How unwanted emails can deepen our understanding of trial probabilities.

Very few people can say anything good about spam (other than spammers, that is). I am a passionate spam-hater, who goes to great lengths to avoid any exposure to the frequently offensive emails known as spam (named, of course, for a classic Monty Python comedy routine involving Vikings). With that introduction, let me tell you something good about spam. Understanding spam, and the ways we deal with spam, can help understand how to identify and manage problematic adverse events in large, untidy databases of spontaneously reported data. If that seems a stretch, let me explain.

Paul Bleicher

Spam is unsolicited commercial email (UCE), sent to thousands or millions of email addresses simultaneously, that typically advertises a commercial service or product or promotes a political viewpoint. It is a huge problem in the world of business, for many reasons. The sheer cost of scanning through and deleting spam messages is enormous, often estimated in the hundreds of thousands of dollars annually for a large company. In addition to productivity issues, spam can create significant security issues, allowing viruses, "malware," and other dangerous programs into a company. Finally, spam can create a hostile work environment for employees, creating a liability for companies.

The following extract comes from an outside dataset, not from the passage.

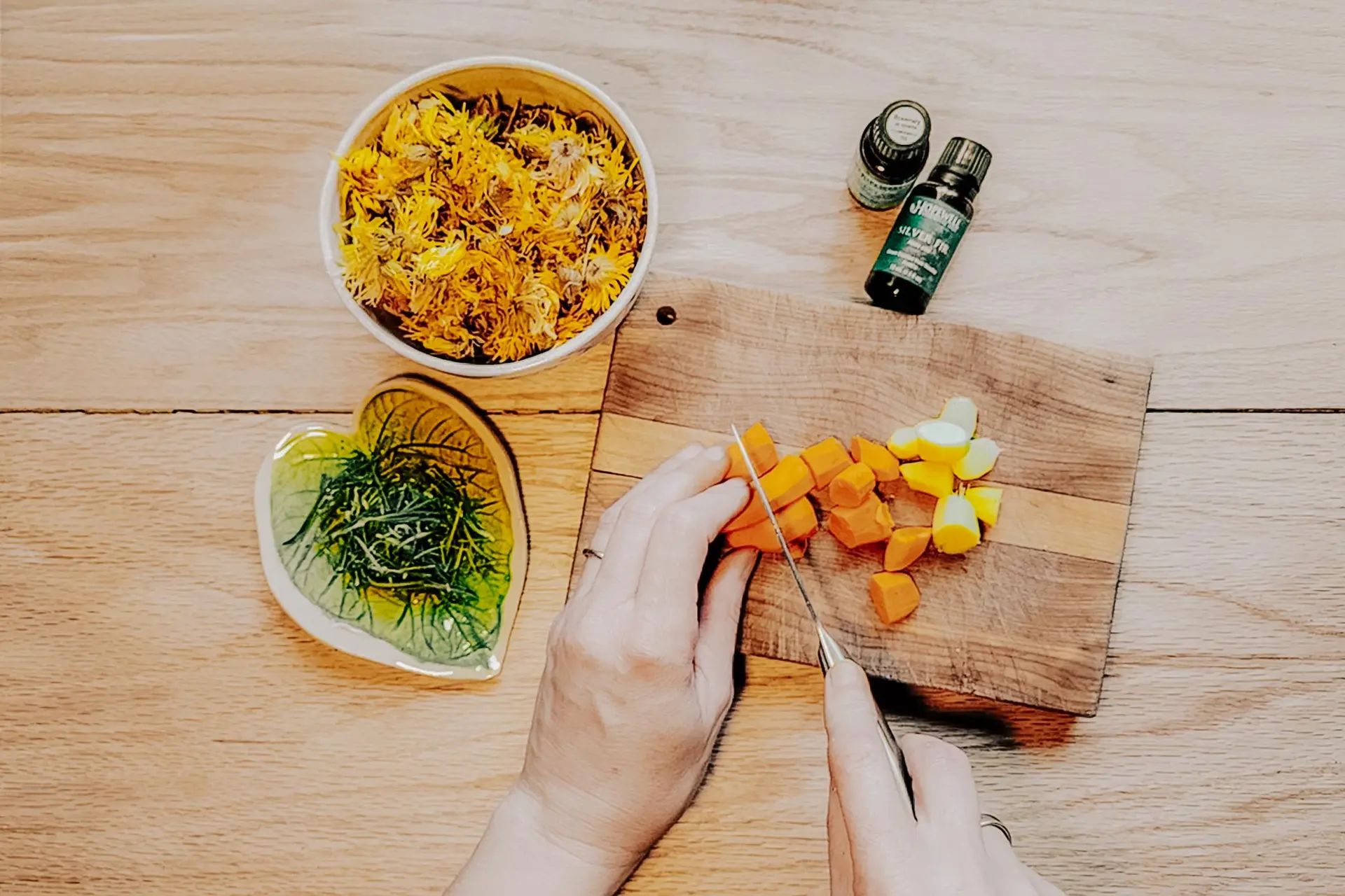 - De 5 a 7 flores enteras de caléndula, o su equivalente en pétalos de flores.
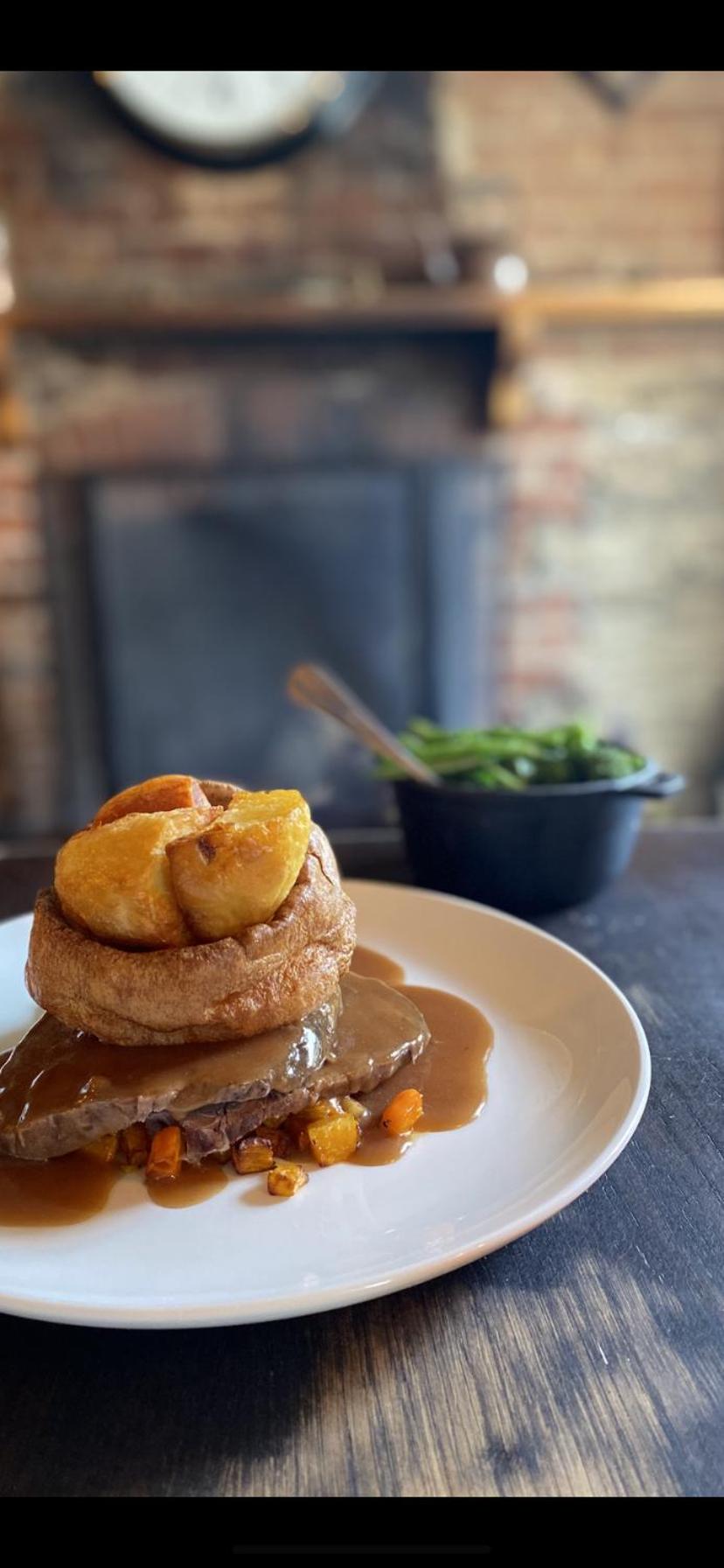 Food in the pub was excellent.

UCE is estimated to account for 40% to 80% of all email received in the United States. The reason why it is such a huge problem (compared with regular "junk" mail) is that it is free to send email. A commonsense solution for the problem would be to charge for the numbers of emails sent. Unfortunately, most spam is sent through relays and through the illegal hijacking of innocent computers; charging for these emails wouldn't affect the spammers or their pocketbooks.

Whether an email is spam or "not spam" is sometimes in the eye of the beholder, which certainly complicates company and/or group antispam strategies. Most everybody would think of advertisements for enlargement of body parts to be spam, while there might be a difference of opinion about whether an advertisement for a low-rate mortgage is spam to reasonable people. Most noxious spam emails cannot be traced to a legitimate Web site or company and will likely increase the number of emails if the recipient attempts to "unsubscribe."

Shortly after the first spam emails began arriving in the early 90's, programmers began developing "anti-spam" strategies, email filters, and programs. In a constant game of cat and mouse, each new strategy to identify and eliminate spam was met by more sophisticated methodologies of escaping spam detection. The earliest strategies used blacklists, initially personal ones, but later shared blacklists that could collect reports of spam and allow the blocking of emails from particular email addresses or domains. While these strategies do block some spam, spammers typically change their email address and even domain regularly, and/or use domains that can't be blocked because much legitimate mail originates within (e.g., hotmail.com or yahoo.com). Later methods involved the creation of a "fingerprint" of the spam that could be stored on a centralized server. These "distributed checksum clearinghouses" can compare all incoming emails to known spam and reject those that match. Unfortunately, the DCC strategy success is related to ongoing reporting of spam, and static spam content. Neither of these criteria are reliable in the real world situation.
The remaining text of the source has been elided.